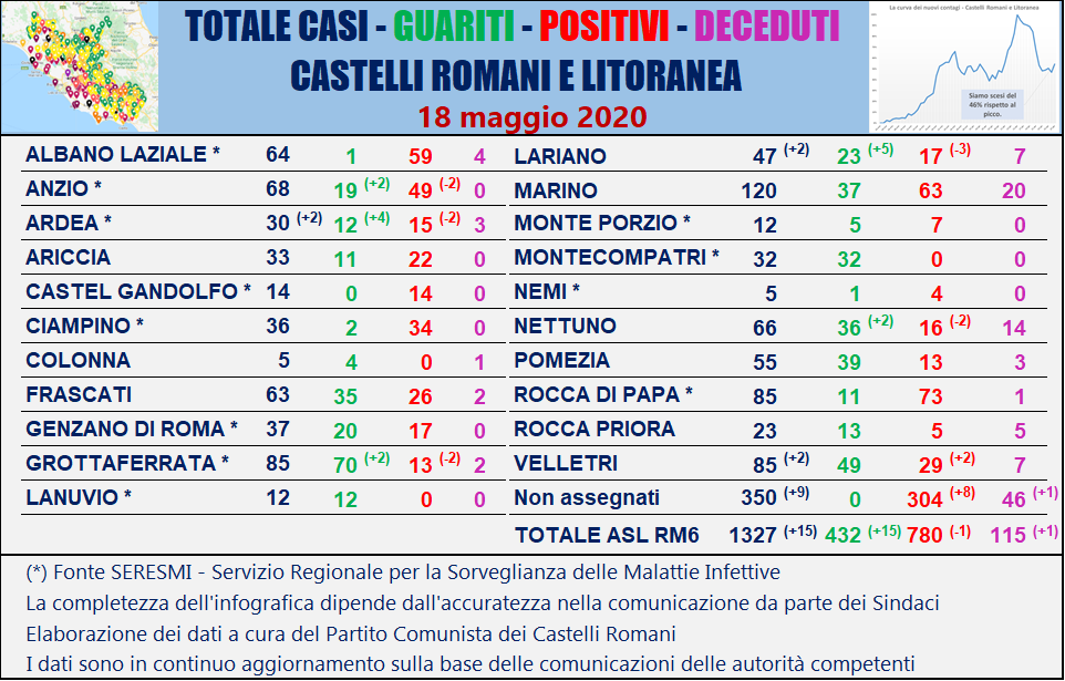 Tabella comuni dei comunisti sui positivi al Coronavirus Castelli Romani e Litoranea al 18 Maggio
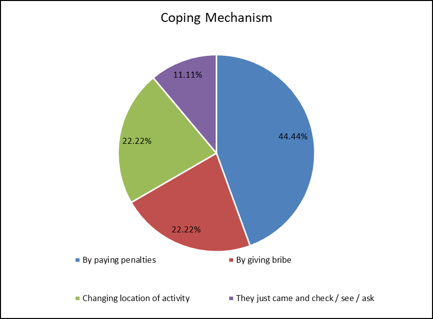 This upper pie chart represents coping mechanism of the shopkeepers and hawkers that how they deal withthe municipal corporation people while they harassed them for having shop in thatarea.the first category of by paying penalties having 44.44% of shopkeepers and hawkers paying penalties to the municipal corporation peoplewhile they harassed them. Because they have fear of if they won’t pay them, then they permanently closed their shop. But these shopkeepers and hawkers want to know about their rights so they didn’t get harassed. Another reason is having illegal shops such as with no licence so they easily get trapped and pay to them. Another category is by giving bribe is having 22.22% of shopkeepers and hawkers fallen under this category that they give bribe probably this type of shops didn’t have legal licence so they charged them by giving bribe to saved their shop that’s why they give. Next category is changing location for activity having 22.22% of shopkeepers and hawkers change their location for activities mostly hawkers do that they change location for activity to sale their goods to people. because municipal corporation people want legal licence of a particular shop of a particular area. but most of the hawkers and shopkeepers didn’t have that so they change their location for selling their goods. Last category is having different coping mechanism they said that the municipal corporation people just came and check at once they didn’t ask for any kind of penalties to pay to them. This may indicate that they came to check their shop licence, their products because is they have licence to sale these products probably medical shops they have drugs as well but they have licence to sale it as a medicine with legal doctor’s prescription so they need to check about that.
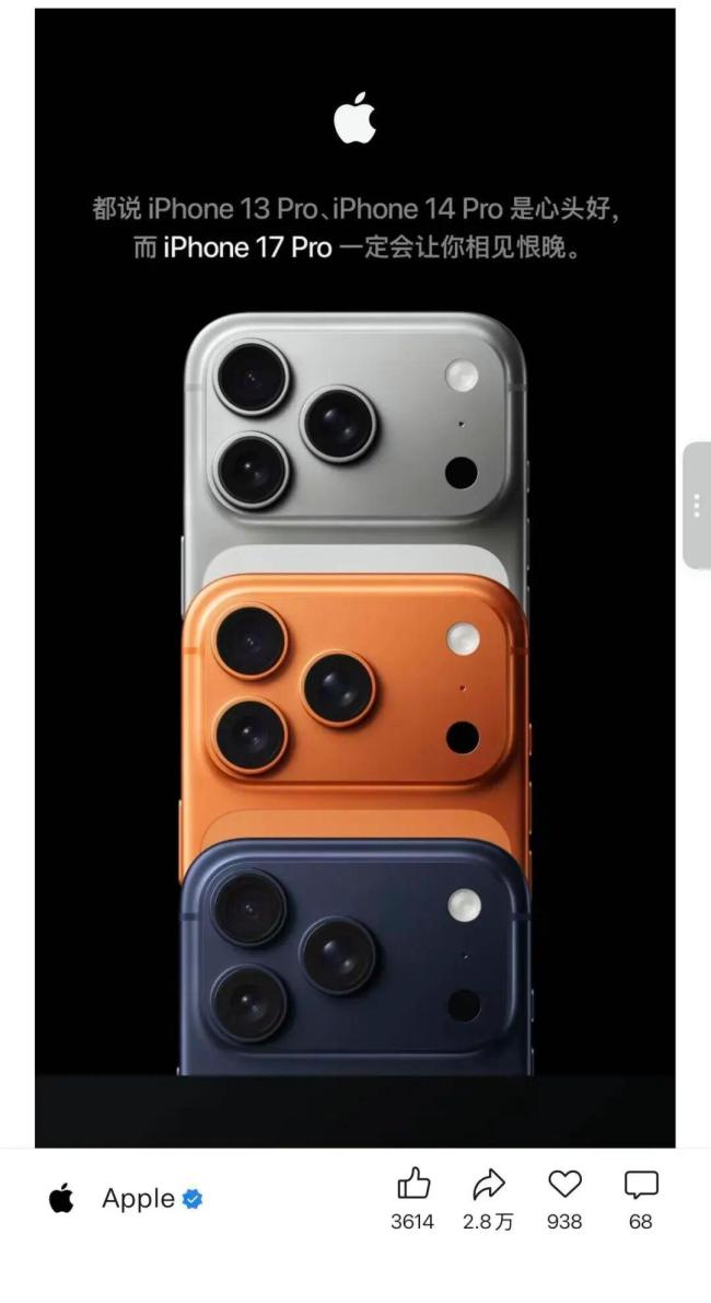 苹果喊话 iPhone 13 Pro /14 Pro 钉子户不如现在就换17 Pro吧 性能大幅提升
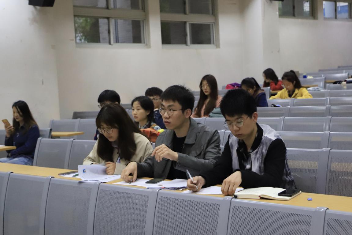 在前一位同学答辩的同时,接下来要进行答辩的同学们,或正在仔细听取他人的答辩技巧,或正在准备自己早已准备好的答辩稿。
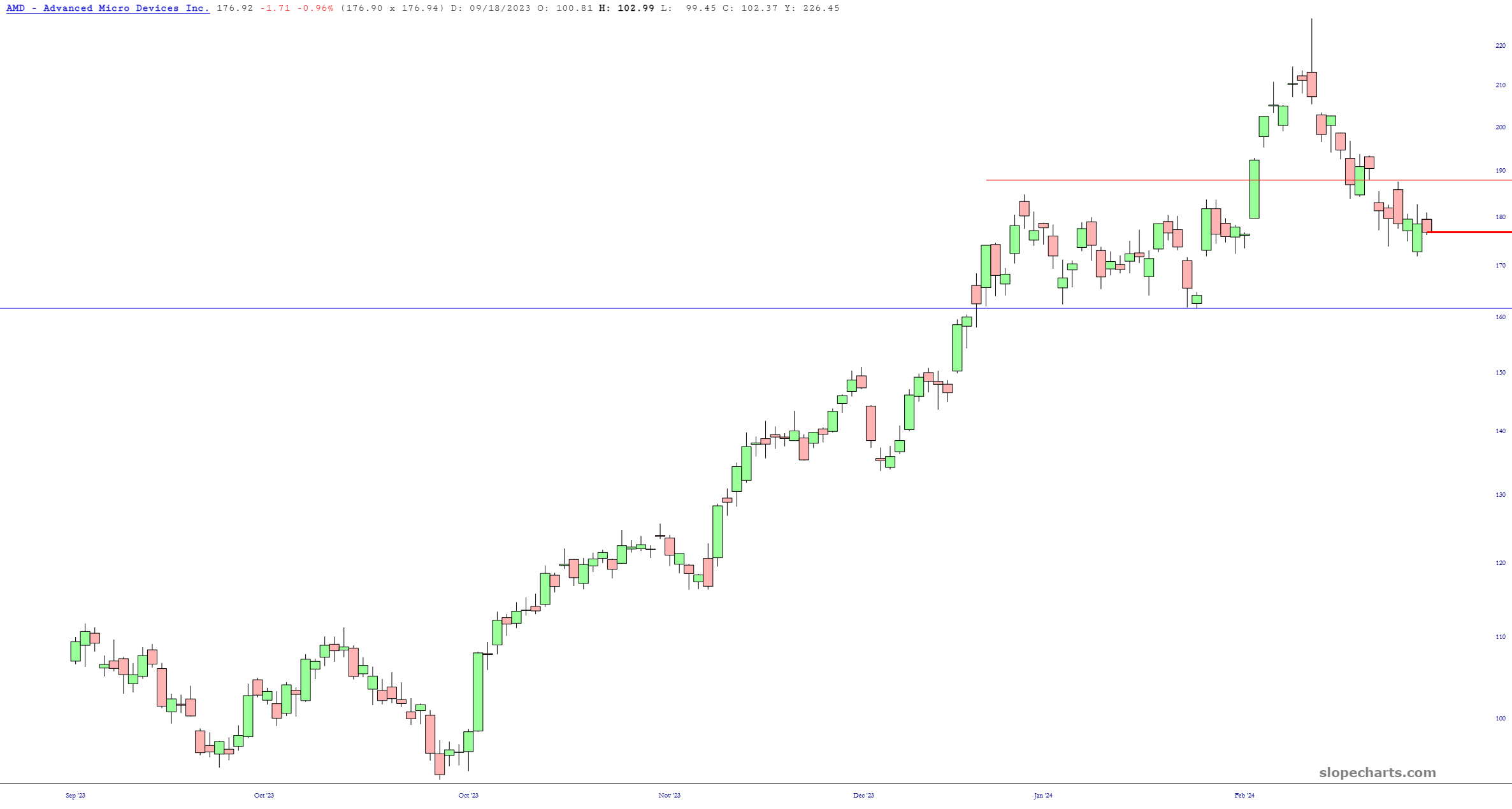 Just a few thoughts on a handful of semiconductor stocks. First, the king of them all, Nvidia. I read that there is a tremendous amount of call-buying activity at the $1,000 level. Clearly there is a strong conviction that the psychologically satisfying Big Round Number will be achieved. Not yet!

EXERCISE AIM » Write out word for word the lines of the listing above from the line with "苹果喊话 iPhone 13" to the line with "在前一位同学答辩的同时,接下", taking in both of those lines but no pictures.

OUTPUT FOR THIS EXERCISE »
 苹果喊话 iPhone 13 Pro /14 Pro 钉子户不如现在就换17 Pro吧 性能大幅提升
 在前一位同学答辩的同时,接下来要进行答辩的同学们,或正在仔细听取他人的答辩技巧,或正在准备自己早已准备好的答辩稿。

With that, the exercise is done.